For Performing Tibetan Identities, Nyema photographed other young Tibetans, whether living in Europe as members of the Tibetan diaspora, or in Tibetan-speaking areas of China. Her pictures document the many things they share as global citizens and consumers of popular culture, as well as the particularities of their Tibetan heritage. By producing double portraits of each person, in daily wear and ‘traditional’ clothing, Nyema alludes to the fluidity of identity formation and how it may be expressed in dress and objects, revealing the range of options for self-fashioning that are available to contemporary Tibetans.

For more than 20 years, academic and curator Clare Harris has pioneered new ways of representing Tibetan culture.  Her publications, exhibitions, online platforms are rich in collaborations with Tibetan researchers and artists from China, India and the global Tibetan diaspora. Her work has fostered new modes of understanding, increased well-being among a group of refugees. It has given unprecedented opportunities to Tibetans to reflect on their identity outside traditional community settings. Harris has specifically engaged with Tibetans in the UK to co-curate exhibitions, workshops and public events that challenge long-established and resilient stereotypes about Tibet. Her work has also directly influenced curatorial practice concerning Tibet at major museums.


The Impact

This project has shaped understanding amongst museum audiences about Tibetan identity and enabled Tibetans themselves to change the narrative about Tibet at a critical juncture in its history.

The opportunity to explore their own identity further was particularly powerful for young audiences. One visitor reported after the exhibition:

‘I want to learn Tibetan from my dad and wear my chuba [Tibetan coat] more often and get in touch with my Tibetan family’

The show was supplemented by a series of public engagement with research activities.

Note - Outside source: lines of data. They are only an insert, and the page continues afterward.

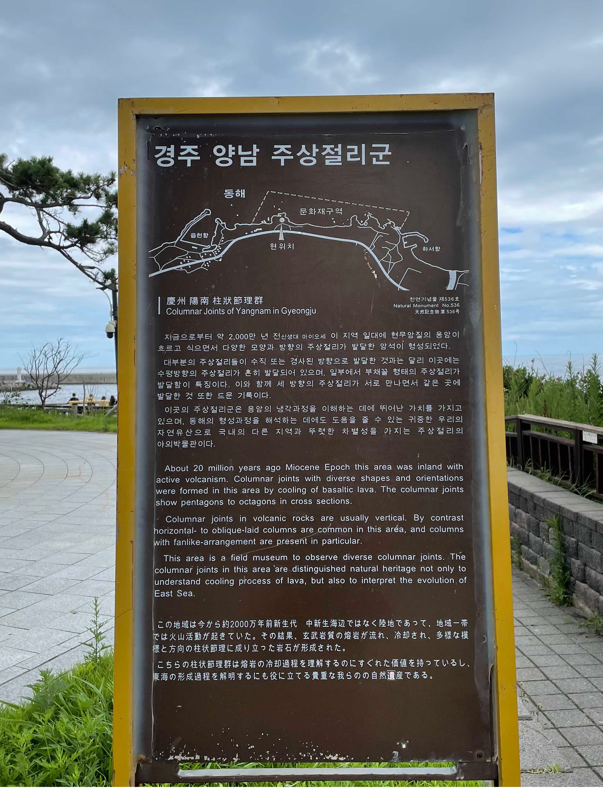 경주시 홈페이지 설명에 의하면 양남주상절리군을 이루는 현무암은 한반도와 붙어있던 일본이 잡아당기는 힘으로 떨어져 나가면서 동해가 형성되었을 때 만들어졌다고 합니다! 와우?!
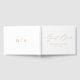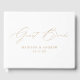 Elegant wedding guestbook featuring "Guest Book" displayed in a modern gold calligraphy script on a white background. Personalize the front of the simple wedding guest book with your names and wedding date. The back of the guest book displays your monogram initials. Add your married name and wedding date to the spine of the guest book.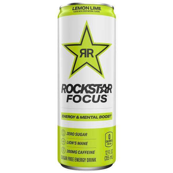 Rockstar Focus Lemon Lime 12oz Sleek Can, 12 Per Case

The project directly reached one fifth of Tibetans in the UK, with 200 Tibetans attending events in the museum in-person.

A young Tibetan man in one of the workshops for adults said:

‘…what I felt really special about all the exhibition is like, this exhibition shows profound Tibetan perspective, or Tibetan narrative on issues. It’s in the forefront… it challenges the stereotyping of being Tibetan’

The exhibition also benefited non-Tibetan audiences. Of those surveyed, 66% of visitors agreed that it had changed their perception of Tibetans. In empathising with Tibetan refugees, similar numbers were inspired to reflect on their own sense of identity and highlighted their mixed heritage or migration stories. The exhibition was described by visitors as having “broken all boundaries” and made people “think deeply about prejudice and stereotypes in general”. For 62% of visitors, the exhibition also changed their experience of the Pitt Rivers by inserting contemporary perspectives from new and different voices, making “the whole museum feel less like a house full of colonial plunder” 

Harris’ research – through the Performing Tibetan Identities project – has demonstrated how researchers and curators can better engage with Tibetans, as creators of artworks and co-curators of exhibitions, to reach out to a ‘minority amongst minorities’. An unprecedented project of its kind, on an institutional level the exhibition has helped other major museums to begin to address the limitations and absences in their thinking and practices around Tibet. It has also highlighted the importance of collaboration with Tibetan community members, in which they are active participants in the process of rethinking the representation of Tibet. The result is a recognition by the Tibetan community in the UK of how this project enabled them to meaningfully reflect on their identity and culture and to shape how others perceive them in their own terms.